Some Things are Priceless. So What? Some critics of CBA think they make a strong point when they say that a certain object is priceless and thus beyond the scope of CBA. For example, they might say that some rare species of whales are priceless. However, even if something is rare, we must consider the cost of preserving it or saving it. In a world where resources are scarce it is hard to simply say that because a certain good is rare or priceless we cannot compare it to other things we value or desire. Only if we have unlimited funds can we spend them all, if we choose, on preserving a specific good, such as the rare whales. However, once we recognize that we have to spend the money we have on various projects, we realize that we have a competitive resource allocation problem. A competitive resource allocation problem requires us to realize that resources must be distributed, and all projects cannot be funded equally.

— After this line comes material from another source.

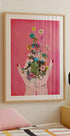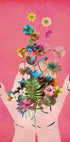 Et livlig og moderne kunstverk som viser hender som slipper løs en eksplosjon av fargerike blomster og blader mot en rosa bakgrunn. Den florale collaget blander natur og kreativitet, og symboliserer vekst, fornyelse og skjønnhet. Perfekt for moderne interiører med et snev av botanisk sjarm.
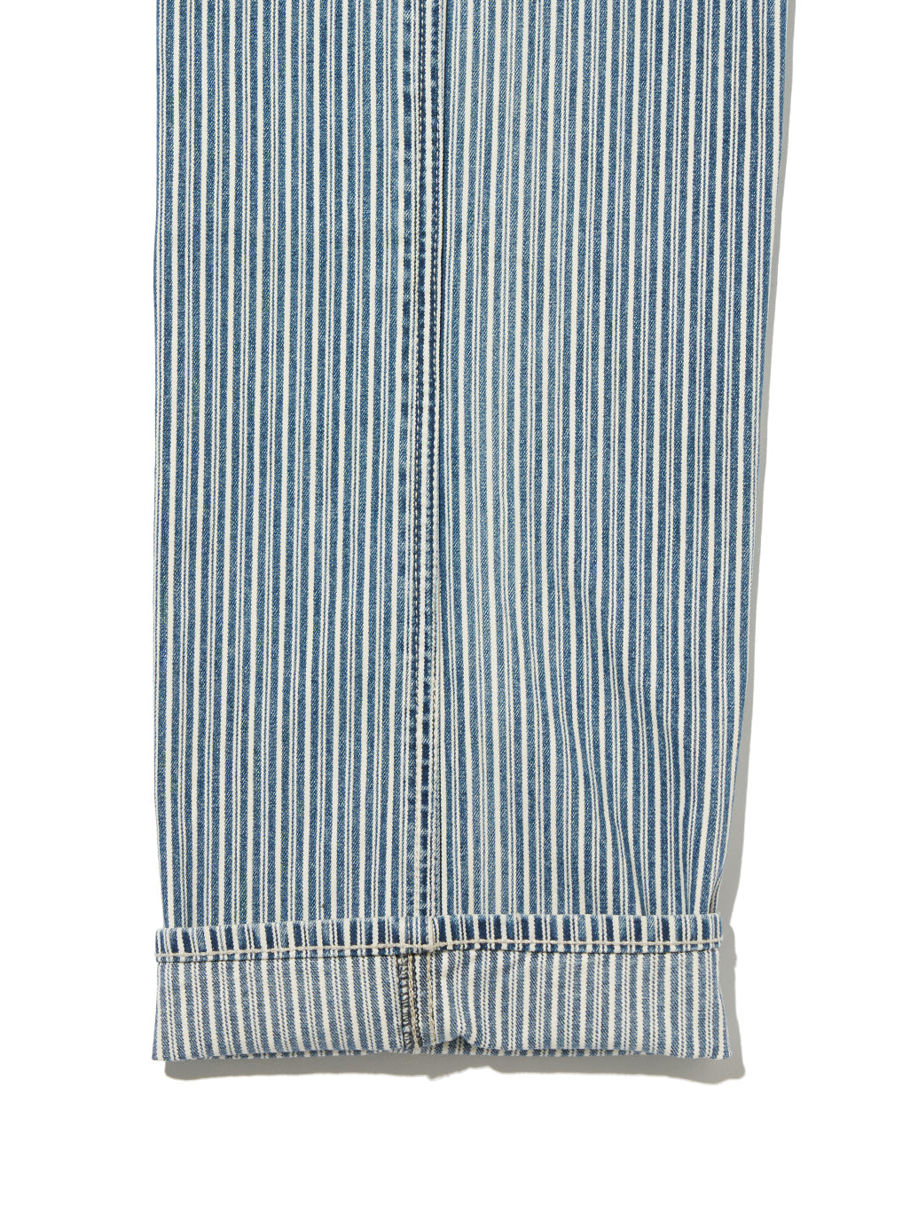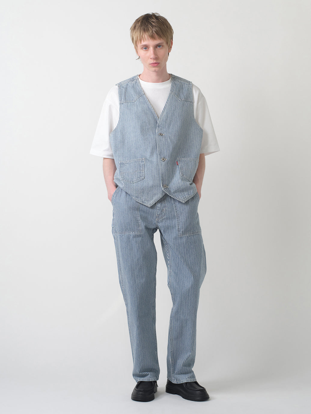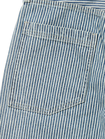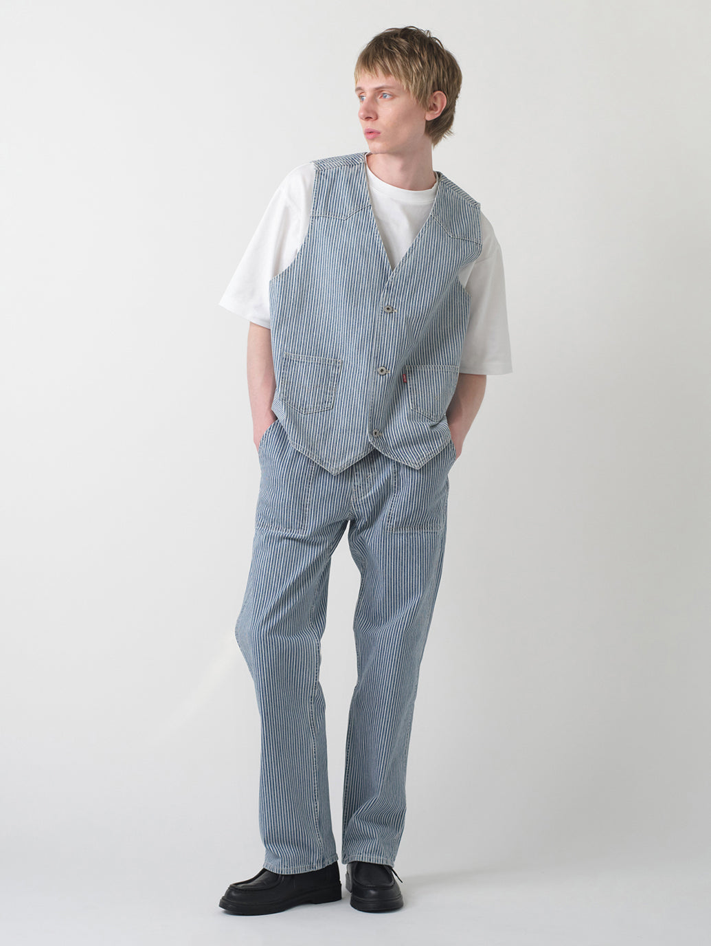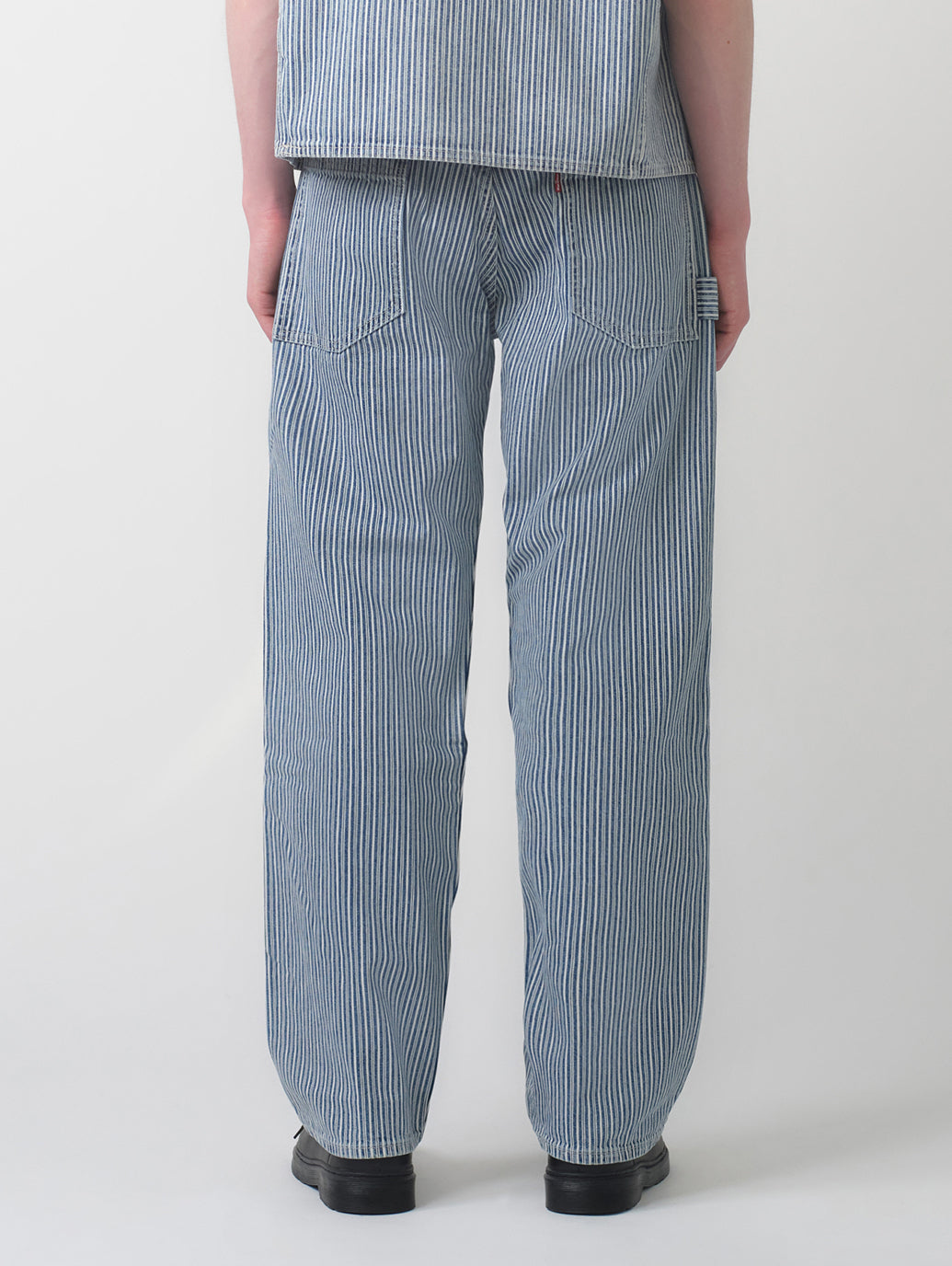 リラックス感のあるゆったりとしたストレートフィットのユーティリティパンツ。ワークテイストの雰囲気満載のヒッコリーストライプ柄、サイドにハンマーループも配し、ワーク要素も取り入れているのが特徴です。ポケットのアーキュエイトステッチも取り除きシンプルなデザインになっています。普段穿くのは勿論、作業着としても活躍する一本です。

Does CBA Work? 1. CBA is supposed to identify costs and benefits in a politically neutral way that allows it to be used in public debates as a tool for decision making and public policy adoption. 2. The identification of costs and benefits is often subject to income asymmetries and political power. So, that those with more income and political influence can shield or enhance something as a cost or a benefit, when in actuality it may not be. 3. CBA only works if it is able to be politically neutral. 4. From (2) it is not politically neutral. 5. So. CBA does not work.
Must CBA Measure Valuations in Terms of Willingness to Pay? CBA requires us to measure the value of a good in terms of a person or a group’s willingness to pay for the good. But willingness to pay is a function of a person’s income. People who make more money, are able to pay more for a certain good or policy. Is it just to allow willingness to pay to be a measure of the value of something to a person or a group if people have different income levels. Can we use percent of income as a way of solving the problem?
Conclusions What can you do with CBA? You can draw conclusions like this: We conducted CBA, taking the following costs and benefits into account. The proposal before us appears to pass inspection, where the losers would lose more than the the winners would gain, we recommend that the proposal be rejected. We could be wrong for the following reasons
How we could be wrong There may be costs or benefits we have not anticipated Furthermore, even known costs and benefits are often impossible to quantify precisely, Therefore our numbers must be viewed with caution.
How we could be wrong When CBA is used in support of a given proposal, CBA need not be decisive for there are other grounds upon which policies can be prohibited, favorable CBA notwithstanding. Nevertheless, until someone either identifies additional costs or benefits for us to consider, or else informs us that the proposal violates a treaty (for example) that created rights and obligations that render costs and benefits moot, all we can do is go with our best understanding of the information before us. Without new information, following CBA, seems like the best we can do.
CBA with Full Cost Accounting CBA can be used. But versions of it that don’t take everything relevant into consideration maybe ethically indefensible. CBA with Full Cost Accounting, which takes into consideration both internal and external costs, would appear the ethically best tool to use in decision making. Using FCBA does not mean that FCBA gets the final word. It is possible that other overriding factors can deem the judgment of FCBA irrelevant.